Recently, a joint study conducted by the University of Munich, the Munich Machine Learning Center and Adobe Research evaluated the performance of 12 top AI language models including GPT-4, Gemini and Llama in long text conceptual reasoning tasks. The results of the study are alarming: Despite the ability to process ultra-long text, these models have significant flaws in complex logical reasoning, and their performance has a cliff-like decline in long texts. Through the NOLIMA benchmarking system, the research team cleverly avoided keyword duplication, revealing the model's fragility in conceptual associations, and deeply analyzing the causes of this phenomenon.
Research jointly released by the University of Munich, the Munich Machine Learning Center and Adobe Research recently showed that 12 top AI language models including GPT-4o, Gemini1.5Pro and Llama-3.3-70B are facing obvious results in long text conceptual reasoning tasks. performance decay. Although these models all support context processing of at least 128,000 markers, their deep logical correlation capabilities still have fundamental limitations.
The NOLIMA (No Text Matching) benchmark test system developed by the research team reveals the fragility of AI models in conceptual connection by deliberately avoiding the design of keyword duplication. For example, when the text describes "Yuki lives next to Semperoper", the model needs to understand the common sense that "Semperoper is located in Dresden" before answering "Who has been to Dresden".
The test results show:
1. **Long text performance declines in cliff-like manner**: When the context expands from 2,000 to 8,000 marks, the performance of most models has dropped significantly; in the 32,000 marks scenario, 10 of the 12 models perform Only half of what it is when short text.
2. ** Attention mechanism exposes shortcomings**: The model is difficult to accurately locate related information in long texts, and when the key answers appear in the second half of the text, the accuracy rate further decreases.
3. **The dedicated inference model still has defects**: The o1, o3-mini and DeepSeek-R1 systems designed for complex inference scored less than 50% in the 32K-label NOLIMA-Hard test, although it is almost in short text Perfect.
Research points out that the model's over-reliance on inertial thinking of "word matching" is the core problem. When the test deliberately excludes the same vocabulary, even if the thinking chain (CoT) prompt technology is used, the improvement of the long text processing capability of Llama-3.3-70B is still limited. What’s more serious is that if there is word matching interference in the irrelevant context, it will intensify model misjudgment.
"This reveals the fundamental contradiction of current AI - it is easy to expand the context window, but it is difficult to improve deep reasoning capabilities." The researchers emphasized. Taking GPT-4o as an example, although it reaches the effective context length of 8,000 marks, it is still weak in the integration of cross-paragraph concepts. As the text is extended, the model's attention mechanism gradually "out of focus", making it difficult to maintain a coherent logical chain.

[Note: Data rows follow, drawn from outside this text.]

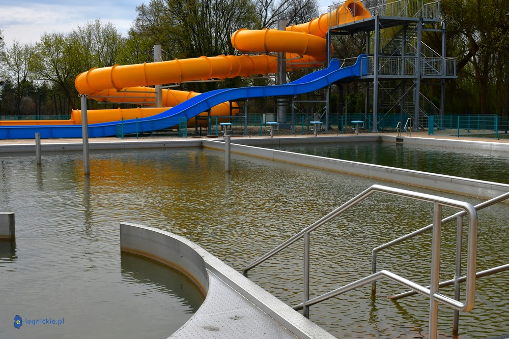 Powstały obiekty techniczne: pomieszczenia szatniowe, sanitariaty oraz kasy. Już z daleka widać wyniesioną konstrukcję zjeżdżalni, których wcześniej na ścinawskim basenie nie było, żółta rurowa oraz niebieska, płaska i falista w swej górnej części są już zmontowane. Na terenie odkrytej pływalni trwają obecnie, zlecone poza głównym kontraktem, dodatkowe prace, dotyczą one m.in.: rewitalizacji pergoli.
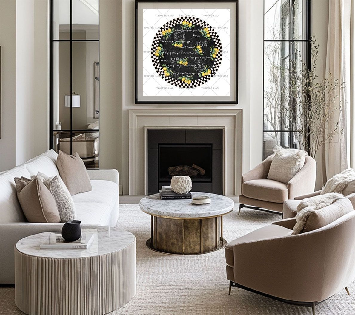 Summer,Lemons,Fruits,Farmhouses,Countryside,Black Patches,For Table Cover
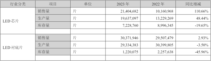 效果是显著的。2023年,京东方华灿光电LED芯片销量同比上升110.66%,LED芯片产量同比上升48.44%;截至2023年年底,京东方华灿光电LED衬底片库存量同比下降45.96%。
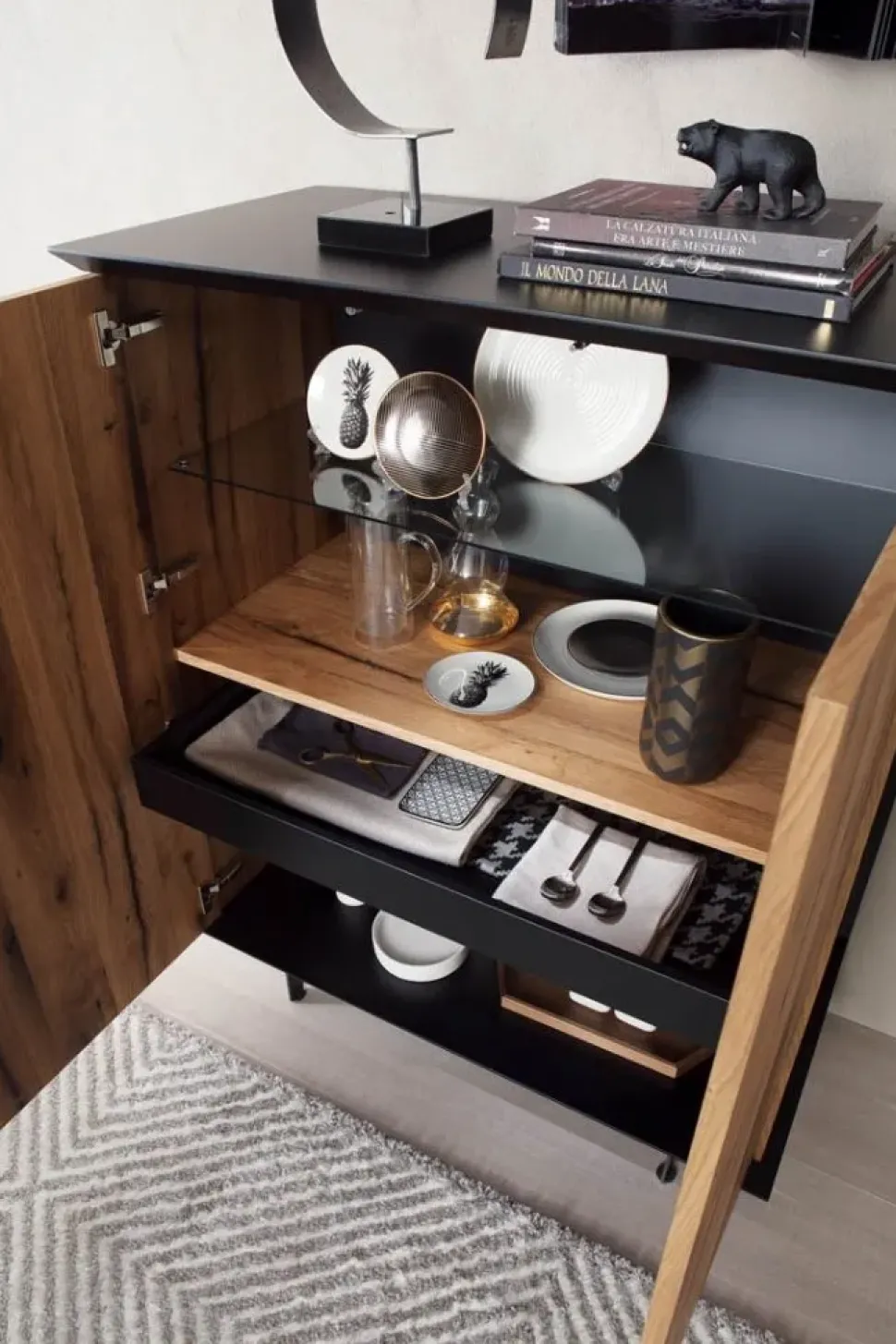 - La madia Brera nell’immagine fa parte della nostra linea di mobili e oggetti accessori senza maniglia.
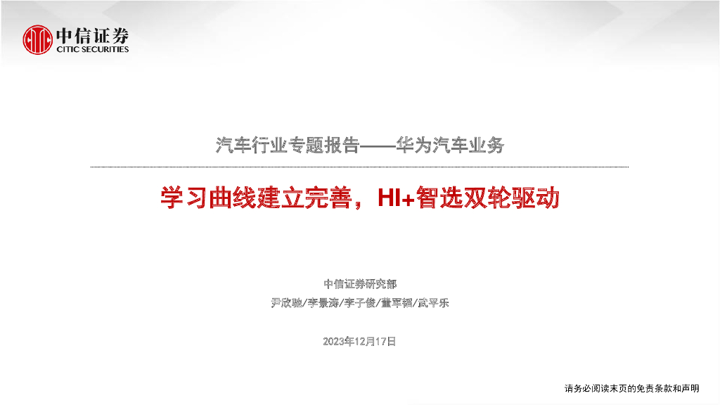 中信证券:华为汽车业务专题报告:学习曲线建立完善,HI+智选双轮驱动.pdf
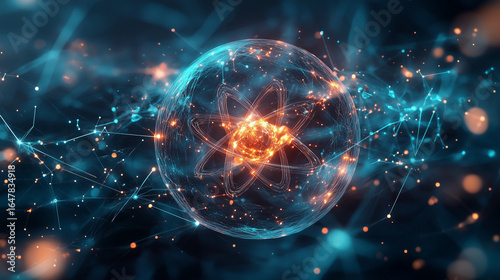 © Zhang, Obraz premium Unstable atom nucleus with spinning electrons on tech background.
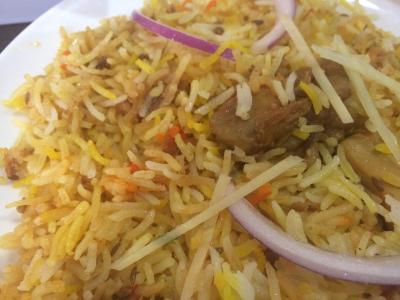チキンビリヤニが絶品です。最近はランチメニューでも食べることができます。一品プラスするならばパコラがおすすめです。ひよこ豆を粉にしたものが天ぷらの衣になったといえばわかりやすいでしょうか。レストランの近くに西日本最大級のモスクがあります。見学したいときは大阪ハラールレストランで相談してみてください。モスク(マスジド)の1階にはショップがあって、豆や紅茶、スパイスを安く入手することができます。ハラールのお肉も扱ってますよ。
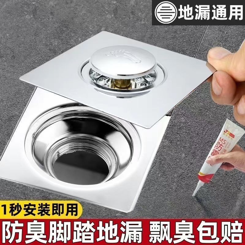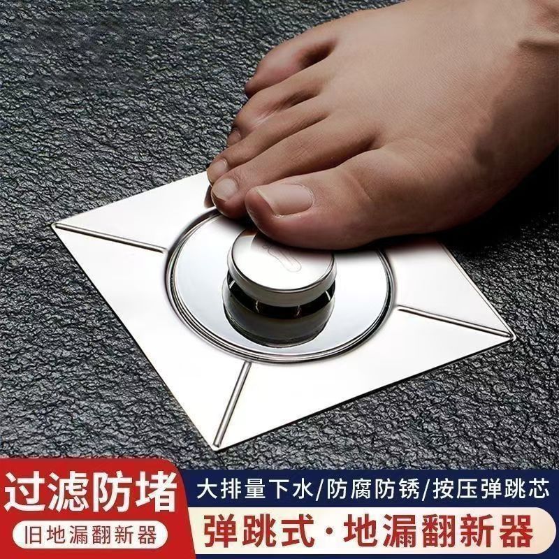 弹跳地漏防臭卫生间下水道通用防返臭漏封闭按压地漏盖脚踩式器
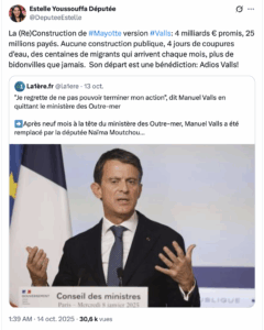 Sur le réseau social X le 14 octobre, l’élue mahoraise, Estelle Youssouffa, s’était félicitée du départ de Manuel Valls, qu’elle accuse d’avoir bloqué le dossier : « La reconstruction de Mayotte version Valls : 4 milliards promis, 25 millions payés. Son départ est une bénédiction : adios Valls ! ». L’arrivée de Naïma Moutchou pourrait donc marquer un tournant attendu : celui du passage des annonces aux actes.
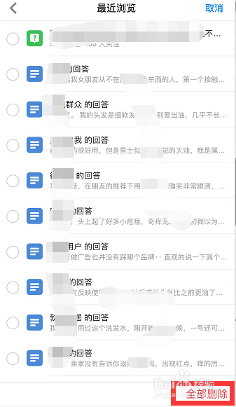 点击批量删除后,可以选择性删除某些浏览内容,也可以一次性全数删除。我这里想要一次性全数删除浏览记实,于是点击右下家红色的【全数删除】。

This research sounds the alarm for the development of AI: simply increasing the processing length cannot break through the reasoning bottleneck. The industry needs to re-examine the model architecture design and develop more efficient information extraction and association mechanisms. In the future, how to make AI truly understand text rather than rely on pattern matching will become the key to breaking through the limits of long text processing.
This study emphasizes the limitations of current AI models in long text reasoning, and provides an important reference for the future improvement direction of AI models. Simply increasing the size of the context window cannot solve the problem. More in-depth research and improvements are required from the model architecture level to improve the true understanding of AI models.